Rabbinic law requires that a Torah scroll be written without punctuation, vocalization, or accentuation in order to be considered fit for ritual use in the synagogue. Words are separated by spaces, paragraph divisions break up the flow of the text, and four letters (alef, he, vav, and yod) are frequently used to mark certain vowels, but even with these devices, the correct pronunciation and parsing of the biblical text into intelligible units is not readily apparent from its appearance in a scroll. Instead, Jews in antiquity relied on inherited reading traditions, passed down orally from one generation to the next, in order to understand the Bible.
In the early Middle Ages, not before the sixth century but also not later than the seventh, systems of committing these reading traditions to writing in biblical codices (not scrolls) developed in Palestine, Babylonia, and eventually specifically in Tiberias (Palestine). The last system, referred to as Tiberian, would, with time, become the standard one used throughout the Jewish world to record the vowels and accents of the Hebrew Scriptures.

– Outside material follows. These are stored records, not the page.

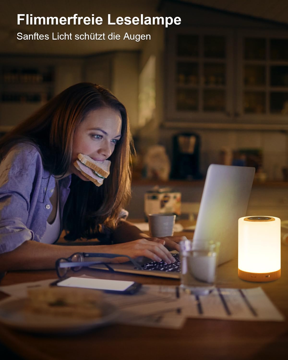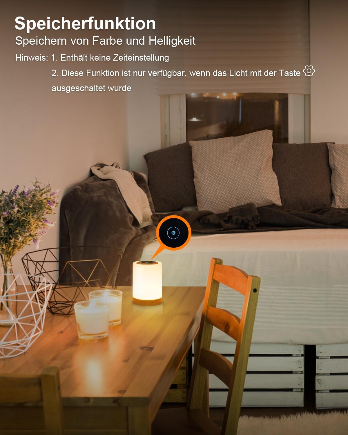 【Einfache Touch-Bedienung】Erleben Sie die Bequemlichkeit nachttischlampe touch dimmbar. Ein einfacher Kippschalter oder eine 3-Sekunden Berührung schalten das nachtlampe ein. Stellen Sie mühelos Ihren bevorzugten Lichtmodus, Timer und Ein-/Ausschalten über den intuitiven blauen Nachtsicht-Touchscreen ein. Und dank der Speicherfunktion erinnert es sich an Ihre letzten Einstellungen, um einen reibungslosen Betrieb jedes Mal sicherzustellen (nur bei ausgeschaltetem "Mode Key").
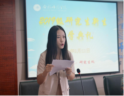 2019级新生代表刘瑞瑞同学的发言,每句话都透露着对合师的热爱,对研究生学习生涯的美好憧憬。2018级老生代表程明星以感恩、责任、成长为关键词,与学弟学妹真诚分享经验与体会。
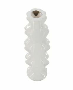 - Each vase has an opaque glossy alabaster white glaze finish with unique silhouettes and textures
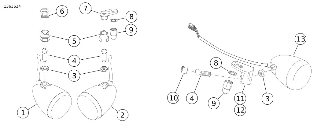 7. | התקן את מאותת הפנייה הקדמי. a. התקן את התושבת של מאותת הפנייה (11 או 12), דסקית הנעילה (8) ואום הכיפה (9) על המראה. b. כוונן את המראה והדק את האום (9). מומנט סיבוב: 10.8–16.3 N·m (96–144 in-lbs) אום הרכבה של מראה c. התקן את הפין עם הכדור בקצה (4) על מאותת הפנייה (13) והדק את אום הנעילה (3). מומנט סיבוב: 5.6–7.9 N·m (50–70 in-lbs) אום נעילה של פין עם כדור בקצה d. ודא שמאותת הפנייה מוצב בצורה נכונה. e. התקן והדק את בורג הנעילה (10). מומנט סיבוב: 4–6.7 N·m (35–59 in-lbs) אום נעילה של פין עם כדור בקצה |
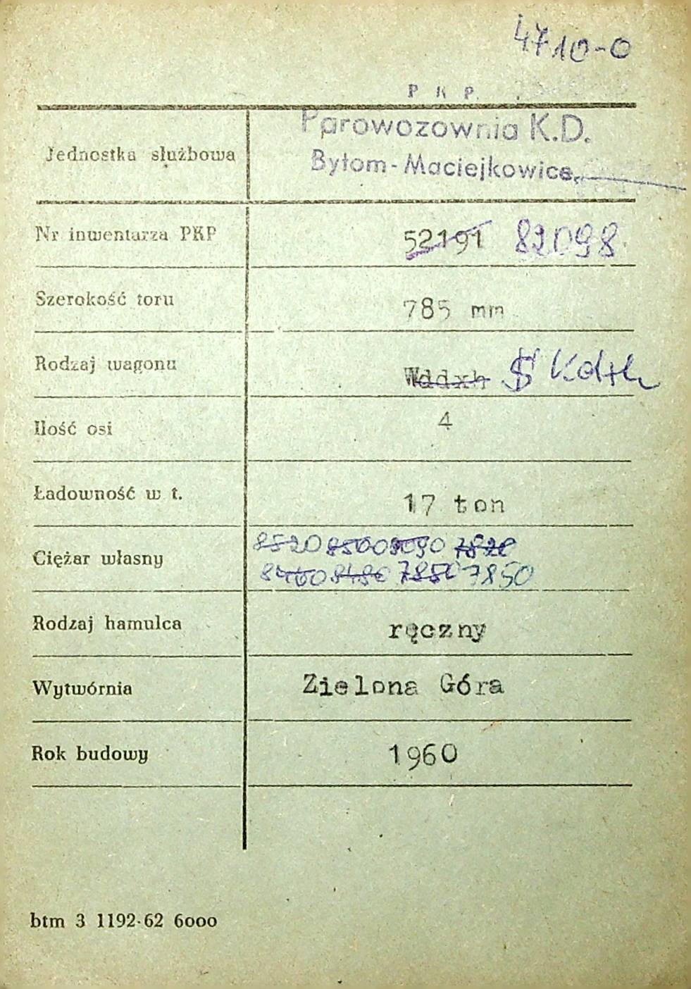 Karta wagonu Górnośląskich Kolei Wąskotorowych |
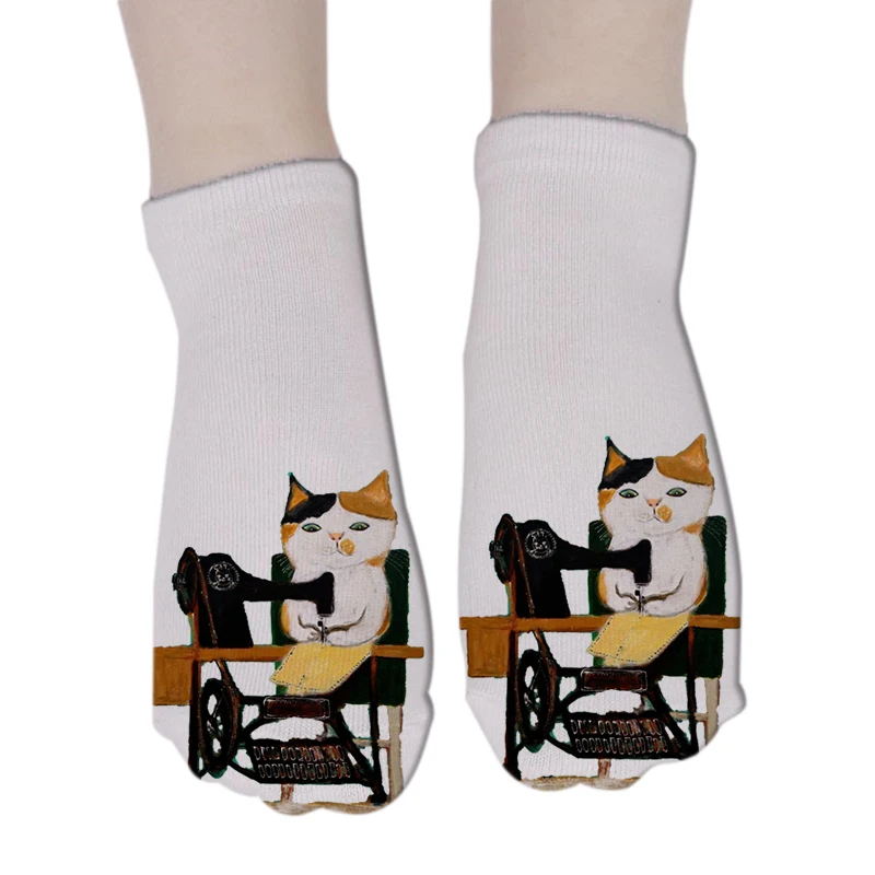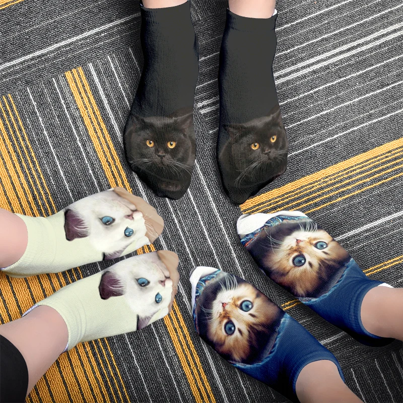 Новинка, забавные носки унисекс в стиле Харадзюку С 3D-принтом котят, милые красочные разноцветные счастливые Мультяшные женские фотоноски с разными лицами кошки
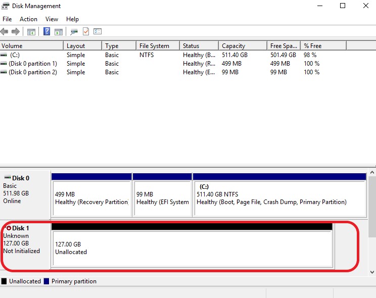This shows the attached disks. The new ‘Disk1’ is highlighted in black, signifying ‘Unallocated’.
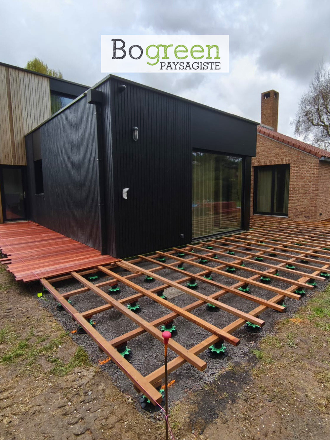 Installation d’un double lambourdage en bois exotique + plots PVC
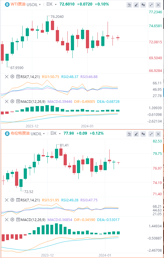 周一,由于适逢美国马丁·路德·金纪念日,WTI原油在交易中小幅下跌,期货市场并未像通常那样完全开放23小时。看起来我们正回到整体盘整的中期,考虑到市场对红海袭击、利率、地缘政治担忧、可能的经济衰退、美元等一系列问题都毫无头绪,这也是合情合理的。
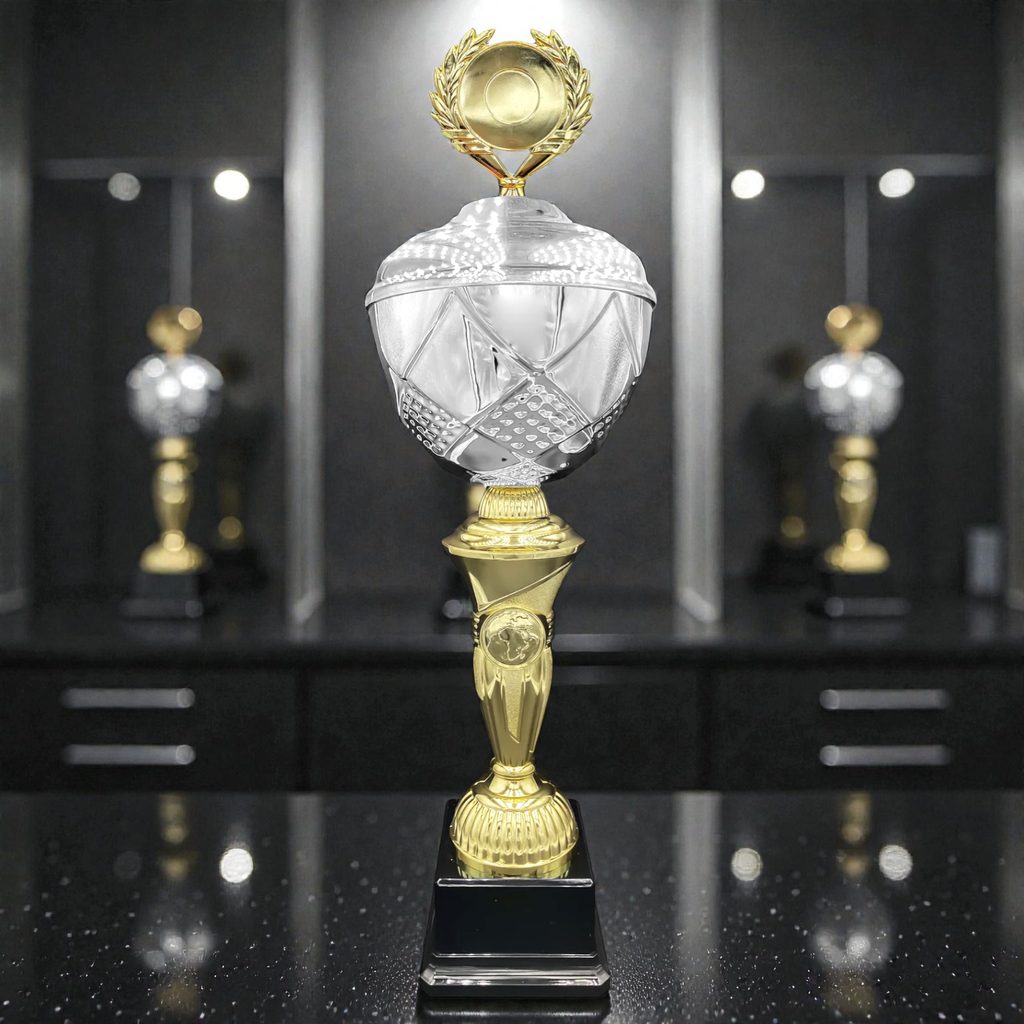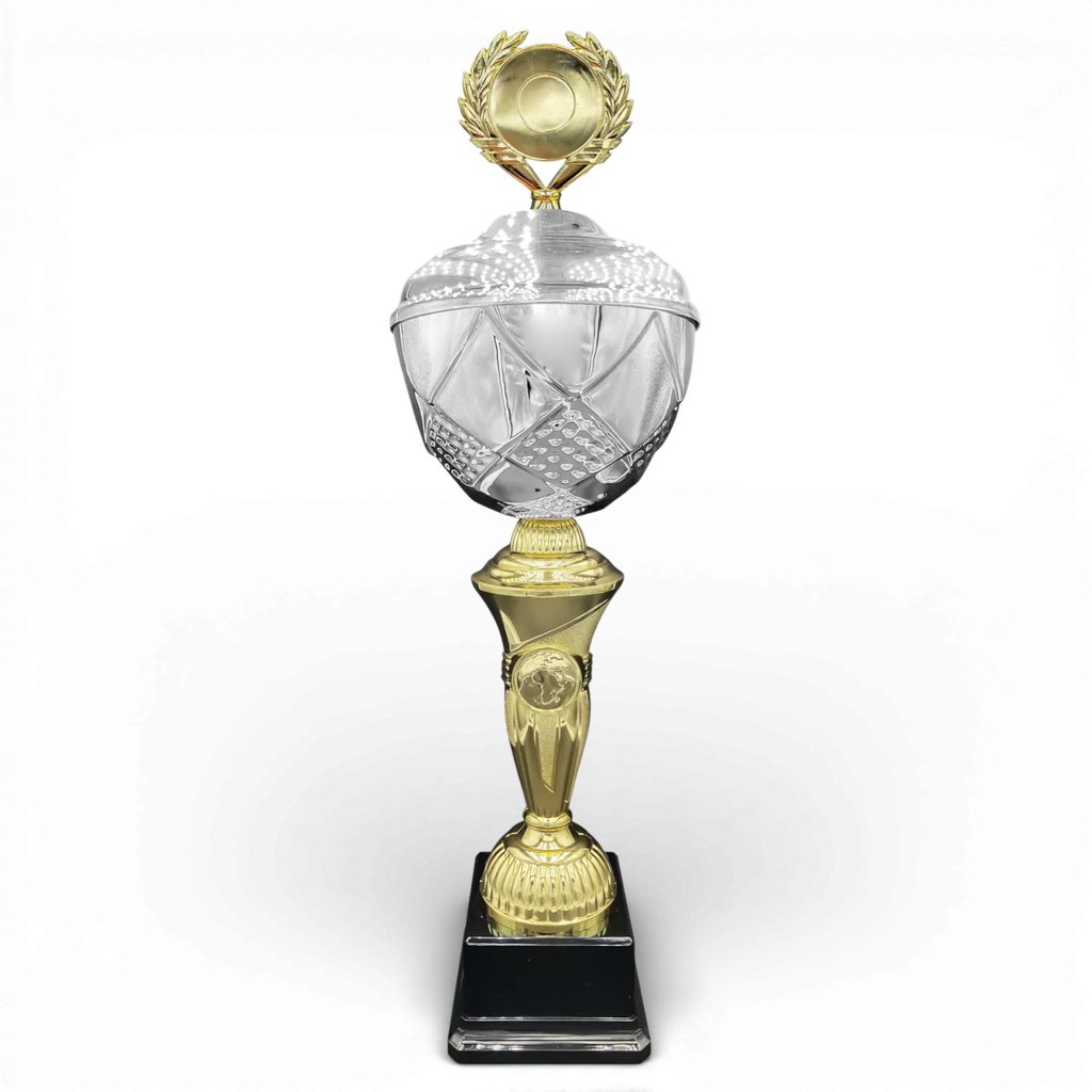The Reginald Silver & Gold Logo Cup is a striking modern award combining a bold gold metal bowl with elegant silver detailing. The contrast between finishes gives this trophy strong visual impact, making it ideal for competitions, presentations and club awards.
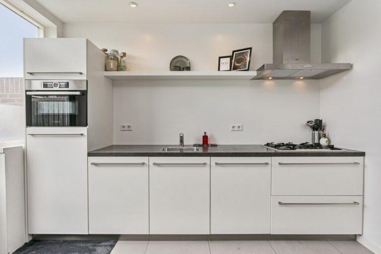 De in lengte opstelling geplaatste moderne keuken (2017) is v.v. een 5-pits gasfornuis met afzuigkap, combi-oven, spoelbak en vaatwasser. De keuken is afgewerkt met dezelfde strak gestucte wanden, plafonds met inbouwverlichting en de nette tegelvloer. Aan tafel!

In addition, extensive lists containing the details of the consonantal skeleton of the Bible, as well as its proper vocalization and accentuation - collectively known as the Masorah (lit., Tradition)-were drawn up to ensure that scribes would copy the text correctly. The tradition of Aaron Ben-Asher (first half of the tenth century), scion of a famous family of Tiberian Masorah scholars, was considered particularly authoritative, especially after Rabbi Moses Maimonides (1138-1204) wrote of his decision to use a Bible edited by Ben-Asher (the famous Aleppo Codex) as the model for a Torah scroll that he himself copied.
While the Jewish community of Yemen, whose roots stretch back to antiquity (and possibly to the Second Temple period), had long used the Babylonian (supralinear) system of vocalization and accentuation when transcribing Torah codices, it, too, gradually adopted the Tiberian method (Goshen-Gottstein, 1962), probably under the influence of Maimonides, whom Yemenite Jews revered as a halakhic (Jewish legal) authority (Qafih, 1950). Because of the high degree of exactitude with which Yemenite biblical manuscripts were copied and their adherence to the prescriptions of the Masorah, modern researchers consider these volumes to be valuable witnesses to the Ben-Asher tradition (Ya'akov, 2013; though cf. Goshen-Gottstein, 1962 and 1963). Indeed, the great Bible scholar Mordechai Breuer saw the fact that the eclectic version of the Bible that he had edited turned out, post facto, to match the tradition reflected in Yemenite manuscripts as proof positive of the soundness of the methodology he had employed in making his editorial determinations (Breuer, 1989).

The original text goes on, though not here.